Sebuah SD di kelurahan Adachi yang terletak di metropolitan Tokyo dilaporkan berhasil meraih prestasi yang gemilang tahun ini dari rangking 44 di antara 72 sekolah tahun lalu, menjadi rangking ke-1 tahun ini. Perangkingan berdasarkan hasil total ujian siswa yang diadakan khusus untuk wilayah Tokyo.
Prestasi yang gemilang itu cukup mencengangkan dan muncul kecurigaan apa penyebabnya. Lalu terbongkarlah bahwa kepala sekolah dan 5 orang guru membuat kecurangan dengan cara menunjukkan soal2 yang dijawab salah oleh murid2 ketika ujian berlangsung. Kebocoran ini terungkap oleh laporan murid2 yang merasa canggung dan aneh dengan kelakuan kepala sekolah dan guru2.
Saya tanyakan kepada teman, apakah ini lazim di Jepang ? Jawabannya : tidak lazim tapi ada. Terakhir kali dilaksanakan kira-kira 40 tahun yg lalu (th 1967) , kejadian serupa sudah ada. Setalah cukup lama ujian nasional dihapuskan, pelakasanaan ujian nasional yang kemungkinan akan dilakukan tahun depan, membuat guru-guru dan kepala sekolah was-was, dapatkah siswa2nya melewatinya dengan mulus.
Pertanyaan yang masih ada di kepala saya, kenapa setelah waktu yang cukup lama, 40 tahun, ujian nasional diadakan kembali ? Jawabannya, barangkali ada sangkut pautnya dengan pemberitaan di media yang selalu melaporkan bahwa kemampuan akademik siswa2 di Jepang sangat rendah dibandingkan negara-negara lain. Pemerintah kemudaian melakukan survey dan tes percobaan untuk membuktikannya dan hasilnya memang rendah.
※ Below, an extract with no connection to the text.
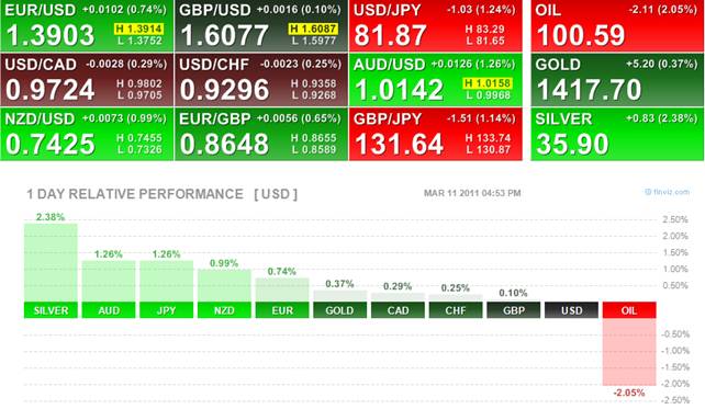 Обзор фондовых, валютных и сырьевых рынков от 11.03.2011
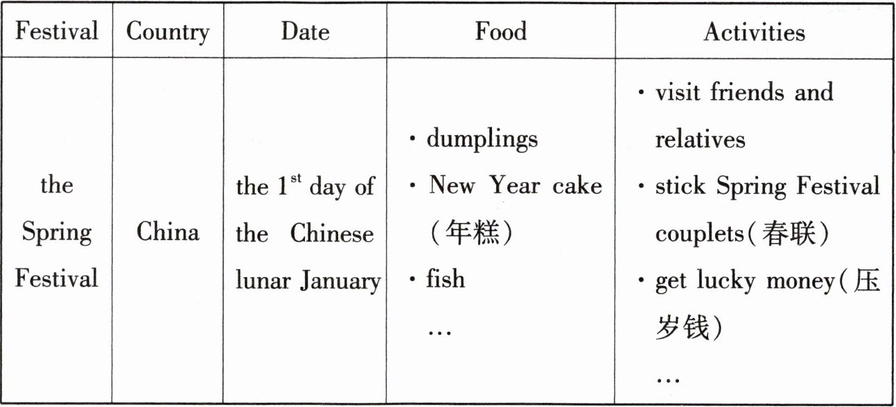 【解析】:本题考查的是对表格信息的提取与整合能力,以及用英语进行书面表达的能力。需要从表格中获取春节的相关信息,包括节日名称、所在国家、日期、食物和活动,然后用英语将这些信息组织成一篇小短文。

Contoh gampangnya saja, anak kelas 6 SD yang saya tanya tentang letak negara Jepang dalam peta dunia, tak mampu menjawab.
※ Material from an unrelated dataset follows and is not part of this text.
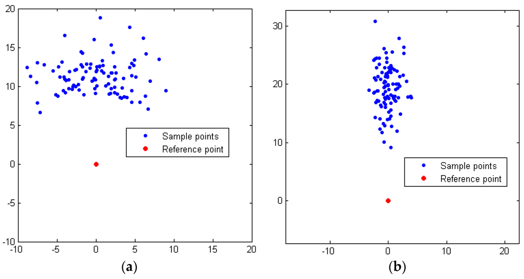 (a) Biased Gaussian samplings for near point in a straight road and (b) Biased Gaussian samplings for far point in a straight road.
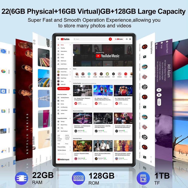 • 【22GB RAM + 128GB ROM + 1TB Memory Expansion】 20GB ( 6GB Original + 14GB Virtual ) RAM + 128GB ROM, it is able to run various apps compatibly and smoothly, and store you favorite everything directly from the pre-installed play store to meet your diverse learning and entertainment needs.Support up to 1TB of microSD card expansion for additional storage space when you need.

Beragam polemik muncul di kalangan ahli pendidikan Jepang, umumnya mereka menyangsikan pelaksanaan ujian nasional, bahkan pun meragukan bahwa sistem ini adalah alat untuk meningkatkan kemampuan akademik siswa. Sorotan juga diarahkan kepada program `tanoshii jugyou` (kelas yang menyenangkan) yang memang menekan tingkat stress anak, dan membuat mereka senang belajar, tapi sejauh mana meningkatkan kemampuan akademik pelajar, masih dipertanyakan.
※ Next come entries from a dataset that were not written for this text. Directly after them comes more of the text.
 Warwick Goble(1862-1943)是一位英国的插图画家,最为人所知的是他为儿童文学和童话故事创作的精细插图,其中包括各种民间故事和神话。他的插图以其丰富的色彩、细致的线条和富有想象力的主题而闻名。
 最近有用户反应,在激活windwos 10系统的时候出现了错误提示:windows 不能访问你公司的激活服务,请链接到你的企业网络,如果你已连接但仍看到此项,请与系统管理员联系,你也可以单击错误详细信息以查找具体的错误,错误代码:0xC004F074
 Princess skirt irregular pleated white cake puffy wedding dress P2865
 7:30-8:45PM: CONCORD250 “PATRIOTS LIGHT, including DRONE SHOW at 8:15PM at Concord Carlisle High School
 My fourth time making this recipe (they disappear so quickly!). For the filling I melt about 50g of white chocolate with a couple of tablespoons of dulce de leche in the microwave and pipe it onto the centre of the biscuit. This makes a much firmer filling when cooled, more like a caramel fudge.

Pengertian gakuryoku (kemampuan akademik) di kalangan pemikir di Jepang agak berbeda dengan pemikiran yang berkembang di negara2 lain, seperti Indonesia. Di Jepang, gakuryoku lebih merupakan kemampuan untuk menguasai sesuatu secara mendalam, mampu memahaminya, mencernanya, dan melaksanakannya dalam kehidupan sehari-hari. Tapi di beberapa negara, kemampuan akademik diterjemahkan sebagai nilai/skor ulangan/tes, tanpa ada pengujian lanjut apakah anak benar-benar memahami persoalan atau sekedar sanggup menjawab benar soal ujian, yang terjadi karena faktor latihan soal atau pengulangan soal dari tahun ke tahun.
Guru-guru di Jepang selama ini telah terbiasa dengan mengajarkan pemahaman. Dengan konsep `wakaru` (mengerti) dan `dekiru` (bisa), mereka mengajar siswa agar memahami konsep dan dapat menerapkannya dalam kehidupan sehari-hari. Sekalipun tak semua guru di Jepang mampu melakukan tugas ini dengan baik, tapi banyak juga yang sanggup.
Kesan saya tentang kemampuan dan motivasi belajar anak-anak Jepang, berdasarkan kunjungan ke banyak sekolah memang sangat beragam. Ada anak yang begitu semangat dan kritis, tapi ada pula sekolah yang siswa-siswanya tak lebih baik jika dibandingkan dengan siswa-siswa di Indonesia. Tapi barangkali fasilitas sekolah, buku, ensiklopedi yang lengkap, juga IT yang tersedia di semua sekolah membuat anak-anak Jepang lebih mudah mengakses ilmu. Juga tentu saja, hampir sebagian besar guru2nya yang mempunyai militansi mengajar dan kecintaan kepada pekerjaannya, mampu menelorkan anak-anak didik yang bermotivasi tinggi.
Kalau dilihat dari tujuan pendidikan anak-anak di UU Pendidikan Jepang, juga hasil berbincang dengan guru-guru di sekolah, sebenarnya tujuan mendidik anak sederhana sekali, agar mereka menjadi anak-anak yang sehat badan, jiwa dan pikiran. Bukan anak yang pintar, bukan anak yang brilian, karena kepintaran dan kebrilianan sebenarnya bawaan lahir yang hanya perlu diasah agar dapat bernilai positif.
Yang harus ditekankan dalam pendidikan anak adalah mengasah atau melatih atau mempertajam kemampuan otak, jiwa/hati/sikap dan tubuh.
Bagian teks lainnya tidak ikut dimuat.